The thrift-store start-up ThredUp on Friday will become the latest clothing resale website to become publicly traded, a move that seeks to take advantage of a growing interest in secondhand retailers among young shoppers.
The company sold 12 million shares for $14 each in its initial public offering, raising $168 million and valuing the business at $1.3 billion.
Founded in Oakland in 2009, ThredUp built its inventory by sending prepaid packages, or “clean out kits,” to sellers, who fill the bags with used clothes and accessories and mail them back.
The website joins Poshmark, which went public in January, and The RealReal, which went public in 2019, on the Nasdaq stock market.
The three companies are all leaders in secondhand shopping, but they take different approaches to resale. The RealReal consigns high-end brands exclusively. Poshmark allows sellers to directly list their items. ThredUp has formed partnerships with brands including Gap, Walmart and Macy’s, helping these large retailers incorporate resale into their stores and e-commerce platforms.
All three emphasize the environmental benefits of resale — but ThredUp more so than its competitors. The company refers to itself as a “force for good” and has criticized the fashion industry’s carbon footprint, including by writing open letters to luxury brands like Burberry that have burned their unsold inventory.
James Reinhart, the chief executive and a co-founder of ThredUp, said Thursday that the company was “ushering in a more circular future for fashion by helping new waves of consumers, brands and retailers take steps toward sustainability.”
With the retail analytics firm GlobalData, ThredUp also publishes a widely cited annual “Resale Report,” which tracks growth of the secondhand market. By the end of 2021, the market value of online resale is estimated to grow to $12 billion, up from $7 billion in 2019, according to the last year’s report.

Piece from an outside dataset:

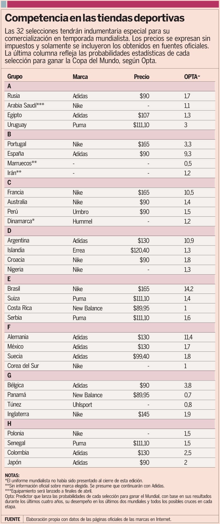 En Rusia 2018, Adidas y Nike mantendrán su cuota histórica y sus representantes más tradicionales. El caso de Puma es diferente: hay bajas sensibles en sus chances de exposición, pues quedaron fuera de la fase final las selecciones de Camerún, Costa de Marfil y Ghana, y su elemento estrella, Italia. ( recuadro “Competencia en las tiendas...”)

Much of that growth has been attributed to Generation Z’s preference for online shopping and passion for sustainability. ThredUp’s revenue was $186 million in 2020 (up from $163.8 million in 2019). It posted a net loss of $47.9 million last year.
Still, the company was not immune to retail’s upheaval during the pandemic, as detailed in a March filing with the Securities and Exchange Commission. Average monthly orders have now returned to prepandemic levels, ThredUp said, but the company has not “seen sustained growth” in the time since.